Шрифт:
Интервал:
Закладка:
– Ну… даже не знаю. Физически я в порядке, все переломы срослись, боль ушла. Хотя иногда ужасно болит голова. Кортни говорит, это последствия ментального удара. Не знаю, сколько это продлится.
– Боюсь, довольно долго. Ты едва не погибла.
Мы замолчали, оба думая об одном и том же.
Не погибла. Проклятые девочки не умирают.
– Как у тебя отношения с сестрами?
– Я… не знаю. Порой кажется, что они снова любят меня, как раньше. А порой я вижу в их глазах страх. Я очень много причинила им боли, вряд ли Кайла и Кортни когда-то по-настоящему меня простят.
– Они знают, что ты была больна. И знают, кто настоящий злодей в этой истории. Им нужно время, как и тебе.
– Да, возможно. Я рада, что они приходят. Кортни присылает десерты и шоколад, а Кайла – книги и рисунки от Стеллы. Они обещали нас познакомить. У Кайлы очень милый супруг. Он брат Жизель, и, хоть я ее почти не помню, мне немного стыдно перед ним. Может, я бы успела ее спасти, если бы так не старалась забыть о том, что делал папа.
– Тебя нельзя в этом винить, Ким. Ты сделала больше, чем смогла бы любая другая девушка. Ты даже не представляешь, сколько зла и насилия встречается во внешне благополучных семьях. Заслуженное наказание даже для одного такого монстра – огромная победа справедливости.
– Мне жаль твою сестру, – сказала я.
Кристина. Кристина Дельвего жила теперь только в нашей с Хантером памяти. Интересно, насколько придуманный моим сознанием образ совпадает с реальным?
– Интересно, каким был настоящий Карл Кордеро, – вырвалось у меня.
– Думаю, он бы мог стать хорошим человеком. Вы ведь его дети. Три очаровательные сильные девушки.
– Жаль, что Конрад не дал ему шанса. Так странно… Я до сих пор не знаю, как его называть. Отцом? Он никогда им не был. Конрадом? Мне кажется, он давно потерял себя. Разрушил собственную личность.
– Я думаю, все, чего он заслуживает, – это забвение.
– Это сложно.
– Знаю. Но ты справлялась и с более сложными задачами. Итак, давай отвлечемся от Конрада и вернемся к тебе. Что насчет Хейвен?
– Она ушла. – Я пожала плечами. – Просто ушла, и… Хантер, могу я кое-что спросить? Не для протокола.
– Конечно, – мягко улыбнулся он.
Герберт называл его подонком. Моя память говорила о том же, но измученная душа тянулась к нему, вспоминая тепло прикосновений и уверенность, с которой в этом кабинете он заставлял забыть обо всем.
– Кристина и Алан были плодом моего воображения. Твоим лечением, способом принять прошлое и разобраться в настоящем. Но Хейвен была другой. Кристина и Алан знали лишь то, что знаю – даже если забыла или не хотела признавать – я. Но не Хейвен. Она была сама собой.

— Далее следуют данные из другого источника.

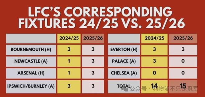首先,看看利物浦已经踢过的赛程。在开局的七场英超比赛中,斯洛特的球队已经面对了五支目前排名前八的球队。与上赛季同样对阵的比赛结果相比,他们实际上还多拿了一分。

Я облизнула пересохшие губы и повертела в руках четки, что подарил Герберт.
– Я много думала о Карле и Конраде. О ритуале, который совершил отец. Кайла уничтожила дневники, теперь память о ритуале навсегда утеряна. Но что, если Карл еще какое-то время был жив? Что, если твоя сестра поняла это? Это ведь звучало как бред, они расстались, когда ей было пятнадцать, и встретились спустя много лет, люди меняются до неузнаваемости, и я тому – живой пример! Так почему Кристина догадалась о том, что сделал Конрад? Может, Карл еще какое-то время был жив, заперт в собственном теле?
– Ким, – Хантер посмотрел на меня с сожалением, – не нужно об этом думать. Грехи и секреты Конрада останутся с ним навечно. Ты навредишь себе, если будешь копаться в темных ритуалах бессмертного безумца.
– Я думаю, что Хейвен была собой. Не моей галлюцинацией, а собой – это было ее сознание, душа, запертая в моем теле. Что-то пошло не так, когда я ее убивала. Мне передался ментальный дар отца, поэтому я выжила, и…
Из груди вырвался всхлип, такой отчаянный, что Хантер поднялся из-за стола и опустился рядом с креслом, где я сидела, на колени. Теплые ладони накрыли мои руки.
– Ким, прекрати об этом думать. Ты ничем не могла ей помочь, тебе самой нужна была помощь. Ментальная магия – очень сложная и противоречивая вещь. Вряд ли мы когда-то узнаем, была Хейвен результатом твоей болезни или реальным сознанием. И мой тебе совет, как пока еще твоего целителя: оставь мысли об этом. Научись жить без груза прошлого. Позаботься о себе, Ким, потому что только ты можешь это сделать.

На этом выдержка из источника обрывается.